The data |
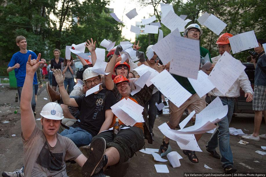 «Когда всё сдал, тебе просто необходимо совершенно бешеннейшее ощущение свободы! Ты идешь и бросаешь тубус в Яузу (обычно они там плавают каждый будний день с 15-25 июня каждого года). Ты приезжаешь к родным стенам общаги, где тебя ждут друзья-братья уже с заготовленными спичами, тазами и холодильниками. Тебя кое-как скатили с общаги и ты уже, еле стоя, подползаешь к тазу и машине. И вот тут алкоголь как рукой снимает. Страшно жутко и невероятно. Когда на спидометре 60, в тазу тебе все 200!! Невероятно! Потрясно!!! И тебя все обливают пивом, ты сменяешь пару-тройку комплектов одежды за вечер, потому что поток пива-шампанского безграничен и все льется в виде фонтана на новоиспеченного инженера! Ребят, это потрясно! Это память на всю жизнь!»
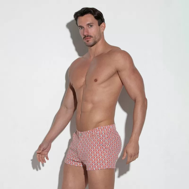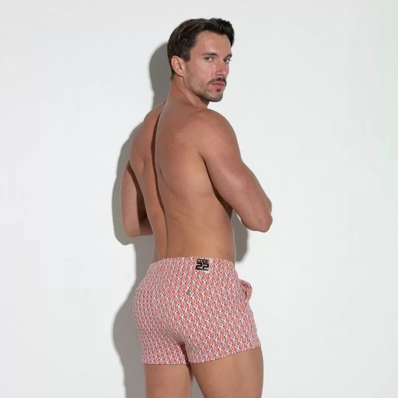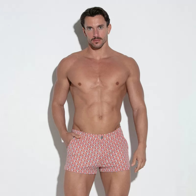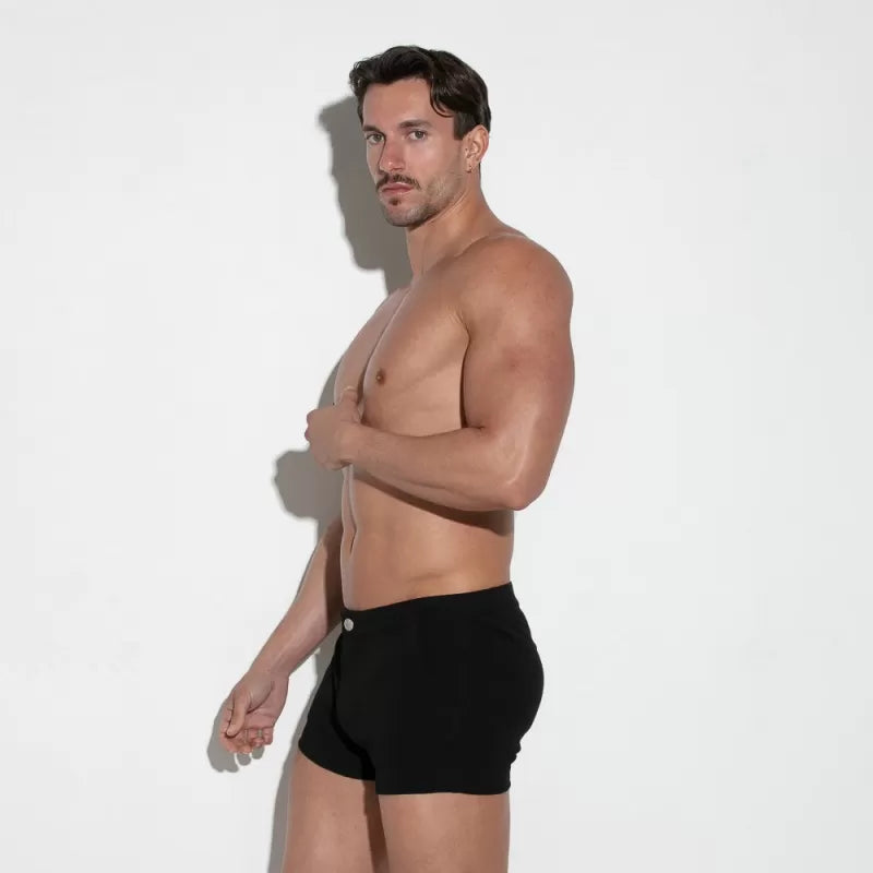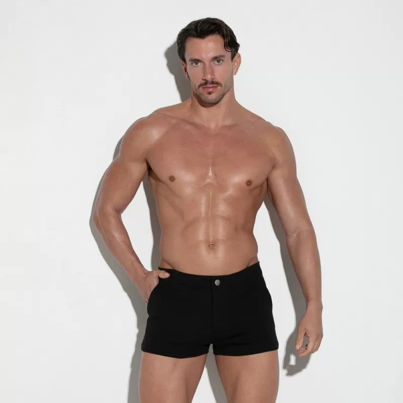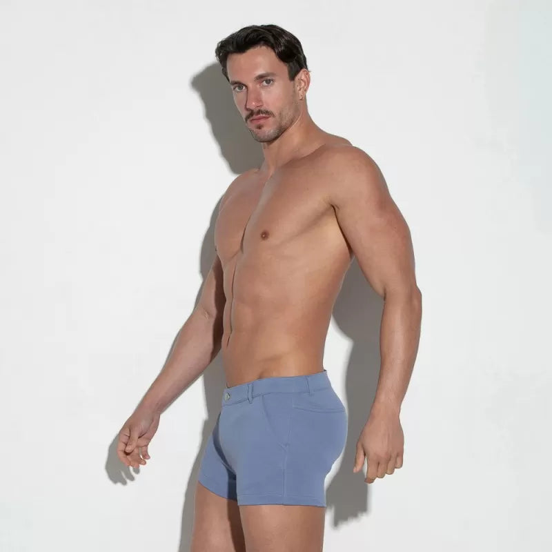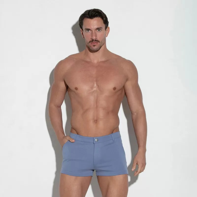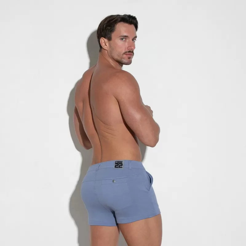 Slim fitting blue short made with stretch technology. Low rise with a zipped fly and pockets with a 2” inch / 5.5cm inseam. Iconic silicone logo badge on back waist.
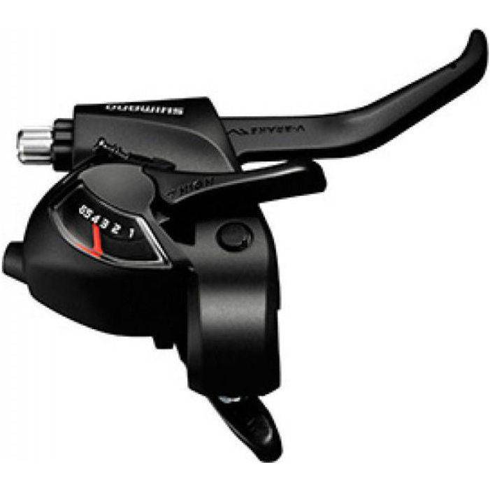 Model: ST-EF41 Hevel: 2 vingerig Aantal versnellingen: 6 speed Shifter hendel: Duimversteller Greepafstand instelbaar: Ja (met gereedschap) Remkabel instelbaar: Ja Schakelkabel instelbaar: Ja Open klemband: Nee Materiaal hevelL Resin Versnellingstype: EZ-Fire Plus Optisch schakelscherm: Ja Geschikt voor V-brake en mechanische schijfremmen MTB Inclusief binnenkabels
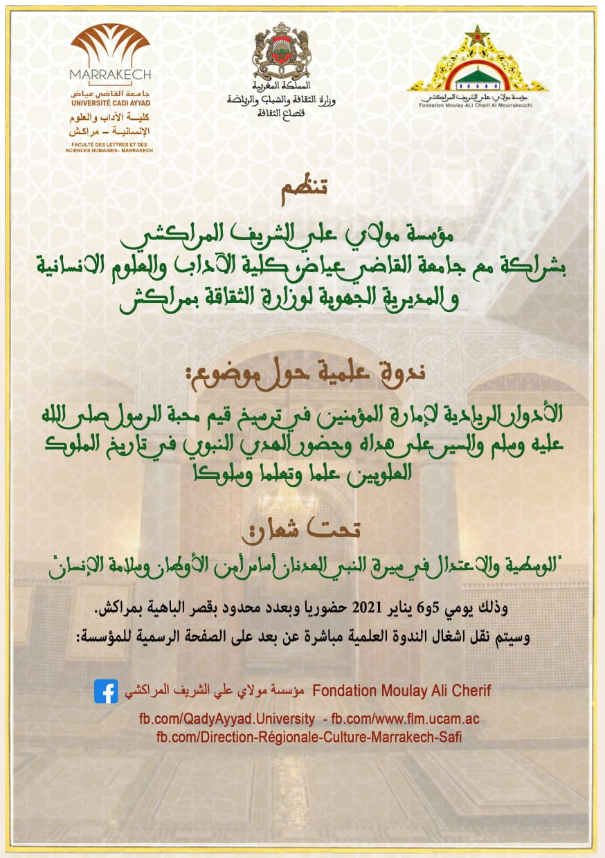 نظم مؤسسة مولاي علي الشريف ندوة علمية حول موضوع “الأدوار الريادية لإمارة المؤمنين في ترسيخ قيم محبة الرسول صلى الله عليه وسبل والسير على هداه وحضور الهدي النبوي في تاريخ الملوك العلويين علما وتعليما وسلوكا” وذلك يومي 5و6 يناير 2021 بشراكة مع المديرية الجهوية لوزارة الثقافة بمراكش و كلية الآداب والعلوم الإنسانية بمراكش

What is required | Print the data above exactly; drop every picture.

Task solution |
 «Когда всё сдал, тебе просто необходимо совершенно бешеннейшее ощущение свободы! Ты идешь и бросаешь тубус в Яузу (обычно они там плавают каждый будний день с 15-25 июня каждого года). Ты приезжаешь к родным стенам общаги, где тебя ждут друзья-братья уже с заготовленными спичами, тазами и холодильниками. Тебя кое-как скатили с общаги и ты уже, еле стоя, подползаешь к тазу и машине. И вот тут алкоголь как рукой снимает. Страшно жутко и невероятно. Когда на спидометре 60, в тазу тебе все 200!! Невероятно! Потрясно!!! И тебя все обливают пивом, ты сменяешь пару-тройку комплектов одежды за вечер, потому что поток пива-шампанского безграничен и все льется в виде фонтана на новоиспеченного инженера! Ребят, это потрясно! Это память на всю жизнь!»
 Slim fitting blue short made with stretch technology. Low rise with a zipped fly and pockets with a 2” inch / 5.5cm inseam. Iconic silicone logo badge on back waist.
 Model: ST-EF41 Hevel: 2 vingerig Aantal versnellingen: 6 speed Shifter hendel: Duimversteller Greepafstand instelbaar: Ja (met gereedschap) Remkabel instelbaar: Ja Schakelkabel instelbaar: Ja Open klemband: Nee Materiaal hevelL Resin Versnellingstype: EZ-Fire Plus Optisch schakelscherm: Ja Geschikt voor V-brake en mechanische schijfremmen MTB Inclusief binnenkabels
 نظم مؤسسة مولاي علي الشريف ندوة علمية حول موضوع “الأدوار الريادية لإمارة المؤمنين في ترسيخ قيم محبة الرسول صلى الله عليه وسبل والسير على هداه وحضور الهدي النبوي في تاريخ الملوك العلويين علما وتعليما وسلوكا” وذلك يومي 5و6 يناير 2021 بشراكة مع المديرية الجهوية لوزارة الثقافة بمراكش و كلية الآداب والعلوم الإنسانية بمراكش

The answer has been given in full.